UFC star Jon Jones receives maximum penalty for "recklessly" taking sexual performance enhancer
Jon Jones has received his ban for his failed drug test from UFC 200.
The former UFC light heavyweight champion has been formally suspended by the United States Anti-Doping Agency (USADA) for one year.
Jones tested positive for a banned substance the week of UFC 200 and was subsequently removed from his headline bout against Daniel Cormier.
The ban was the maximum penalty USADA could enforce for the positive test and is retroactive to July 6, meaning the earliest he will be able to return to the Octagon is July 2017.
Jones tested positive for two oestregen blockers - clomiphene, a banned anti-oestrogenic substance, and 'traces of letrozole, an aromatase inhibitor, which works to prevent the synthesis of androgens such as testosterone into oestrogen'.
He claimed he took a contaminated sexual performance pill which USADA confirmed was tainted. However, the arbitrators said "his degree of fault in fact verged on the reckless," as MMAFighting report.

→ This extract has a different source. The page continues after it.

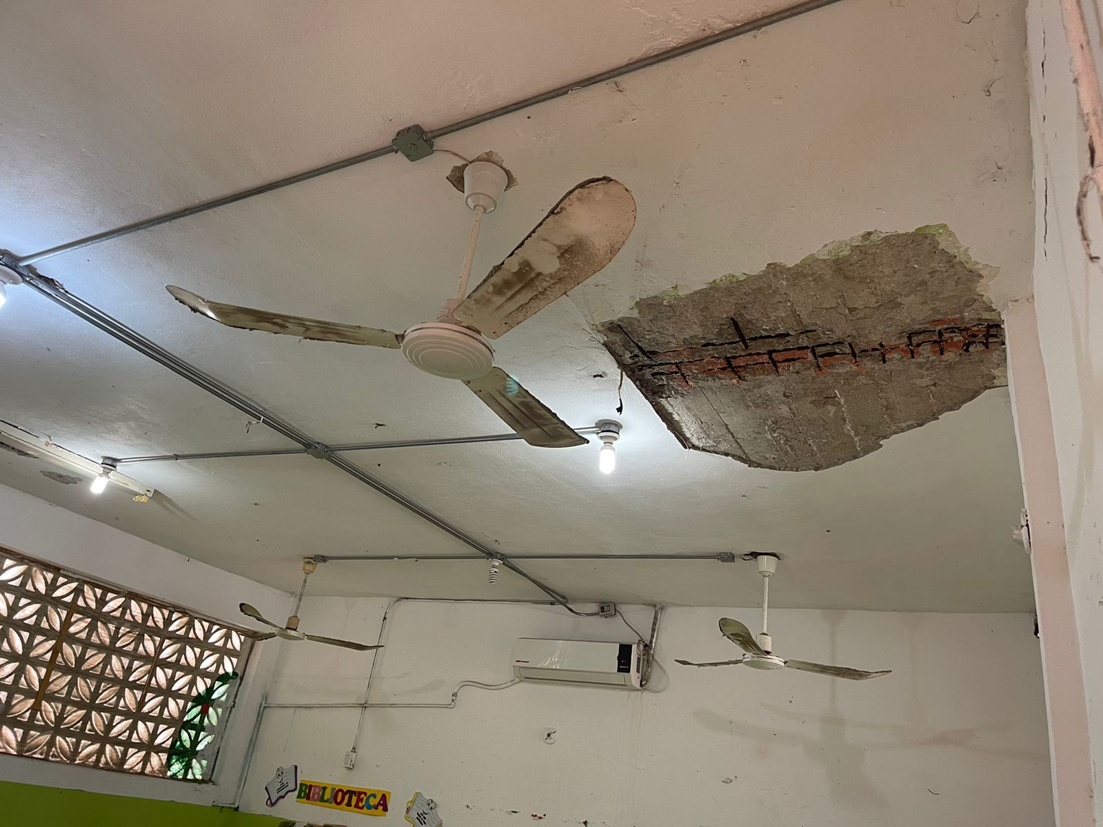 Los padres exponen que la escuela tiene los techos dañados, falta de aires acondicionados, ventiladores, cableado eléctrico y mala condición de los baños, por lo que el “Químico” Benítez giró instrucciones a las áreas de Bienestar Social, Protección Civil, Jumapam y Obras Públicas para una pronta atención de la situación.

They determined that Jones didn't do enough to determine whether or not what he was using was adhering to the UFC's anti-doping policy and the WADA Code by taking the pill.

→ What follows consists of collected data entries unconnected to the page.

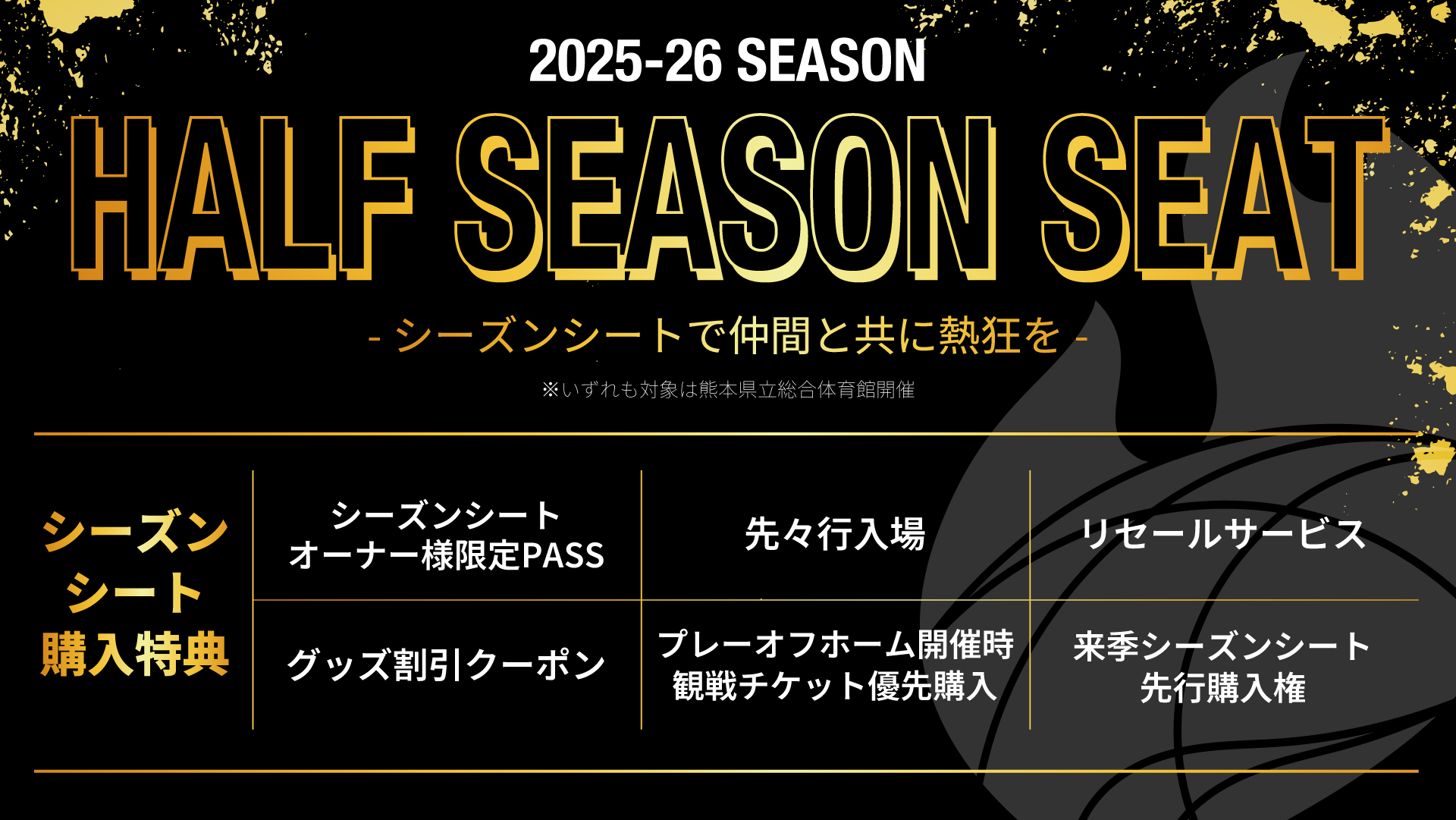 B.LEAGUE2025-26シーズン、熊本県立総合体育館で開催されるホームゲームにおいて1月31日(土)以降の15試合を対象としたハーフシーズンシートを販売いたします。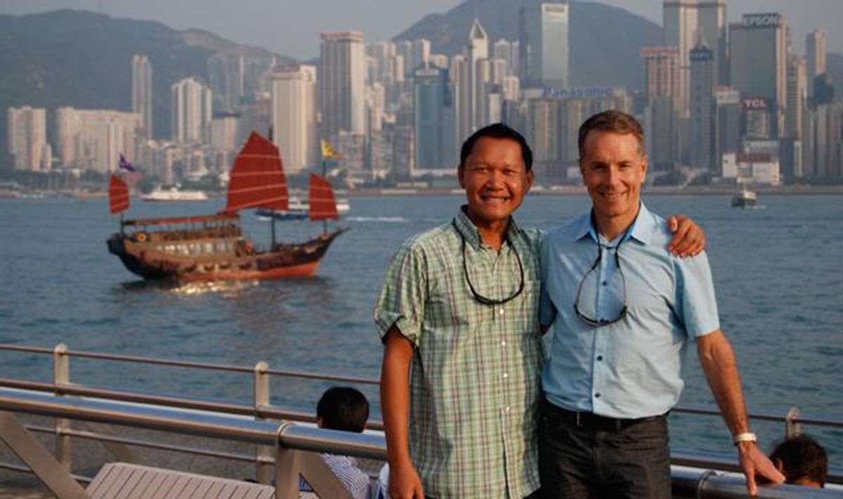 Today's "Shot of the Day" comes from Jon Nicholson in Seattle. "This picture is in one of Kenny (left) and my favorite cities on our way home from Myanmar," Jon writes. "Hong Kong has a great energy and that magical geographic combination of water and mountains which make cities like Cape Town, Vancouver, and Seattle such visually attractive cities. Plus the energy rivals that of New York and London and no matter how many times you visit is always an exciting place to be. This picture was taken on the harbor right next to the Star Ferry on the Kowloon side."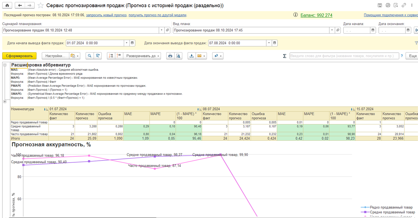 ■ Добавлена информация о качестве прогноза в вариант отчета «Прогноз с историей продаж (раздельно)».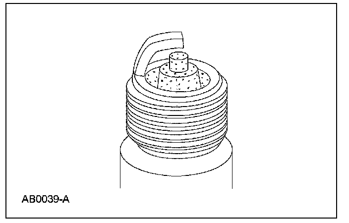 3. Inspect for carbon fouling. Look for black, dry, fluffy carbon deposits on the insulator tips, exposed shell surfaces and electrodes, caused by a spark plug with an incorrect heat range, dirty air cleaner, too rich a fuel mixture or excessive idling.
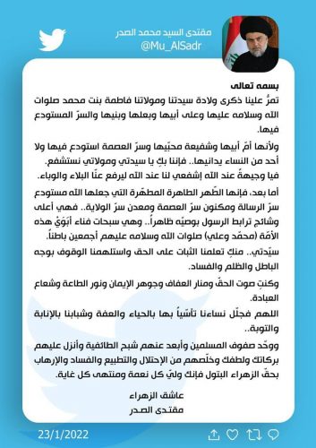 الصدر يغرد بمناسبة ولادة الزهراء.. ابعد عن المسلمين الطائفية والتطبيع والاحتلال

Jones had only asked the teammate who provided him the pill whether or not it was effective from a sexual-performance standpoint.

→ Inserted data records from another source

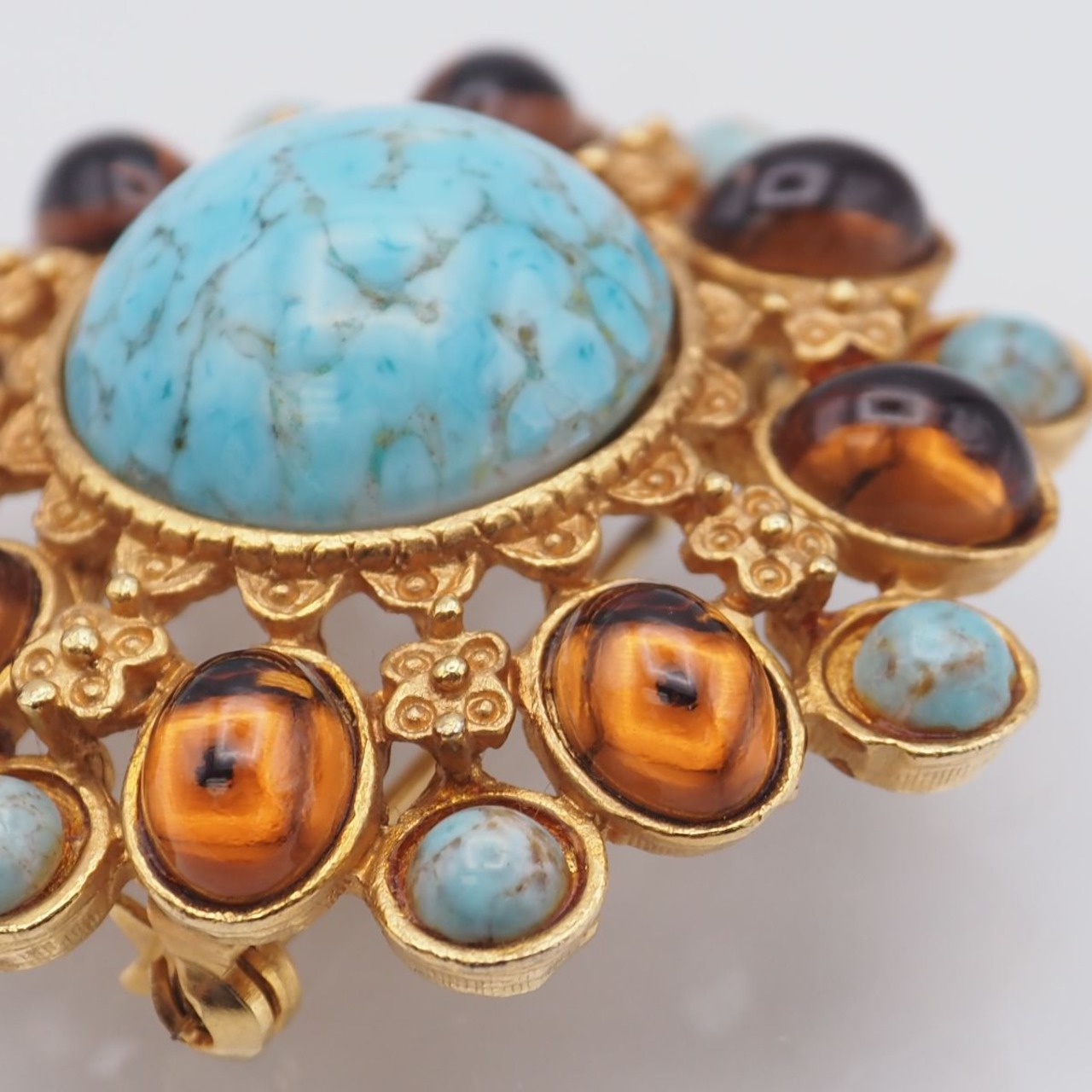 G183 ブローチ ブルーガラス カラーストーン風 ゴールド デザイン コスチュームジュエリー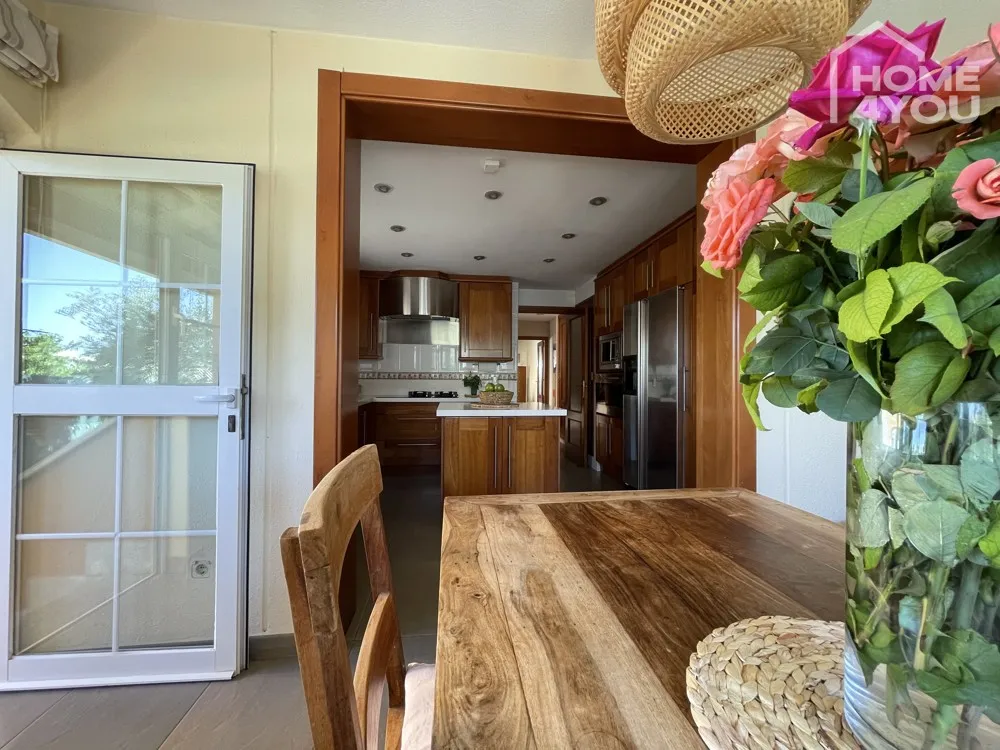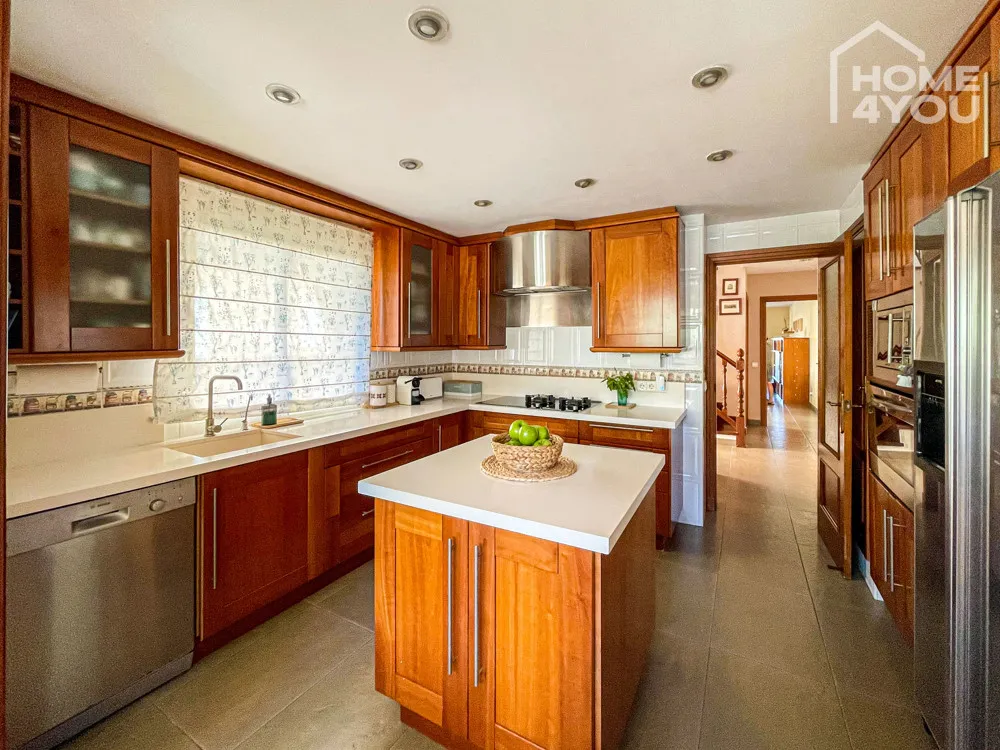 Über eine kleine Treppe erreichen Sie den Essbereich, der an die große Küche angrenzt. Hier gibt es eine sehr moderne Küchen-Einrichtung mit einer Kochinsel in der Mitte, die das Kochen mit Familie und Freunden zu einem Erlebnis werden lässt.
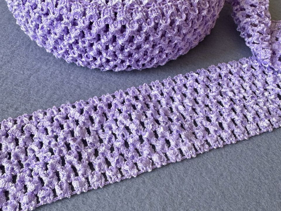 Ажурна гумка дитяча. Ширина 6 см. Ціна за моток – 10 метрів. Використовується для дитячих пов'язок на голову та одяг. Колір -бузьковий.
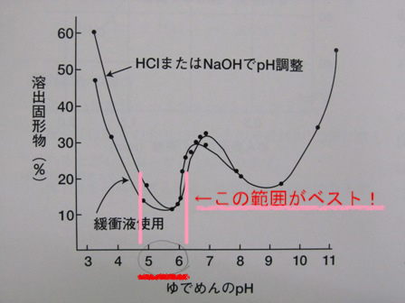 こちらの横軸はゆで湯のpH、縦軸はでん粉が溶け出すパーセントを示しています。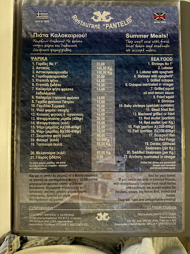 We went this restaurant only for fish and salad and ordered a few small plates. Gosh was delicious and very fresh, we really enjoyed it. We did not like the salad though. It could have been better. It was fresh but it was just not a right salad. Fish deserves to have rocket salad which was not available. They prepared a salad with lettuce, called Pantelis salad and it was said the best but it was not. Thank you for the fish! Simi karides, small shrimps...

The youngest ever UFC champion and arguably the greatest fighter to ever grace an Octagon is also staring down the barrel of a suspension and fine from the Nevada State Athletic Commission over the failed drug test.
"On the evidence before the Panel, the Applicant is not a drug cheat. He did not know that the tablet he took contained prohibited substances or that those substances had the capacity to enhance sporting performance. However by his imprudent use of what he pungently referred to as a 'dick pill' he has not only lost a year of his career but an estimated nine million dollars. This outcome which he admits to be a wake-up call for him should serve as a warning to all others who participate in the same sport."
The arbitrators also differentiated his case from that of fellow UFC fighters Tim Means and Yoel Romero who were only handed six month suspensions for their positive drug tests, which were found to be a result of consuming contaminated supplements.
This is because in both their respective cases, the banned substance was not printed on the supplements warning label.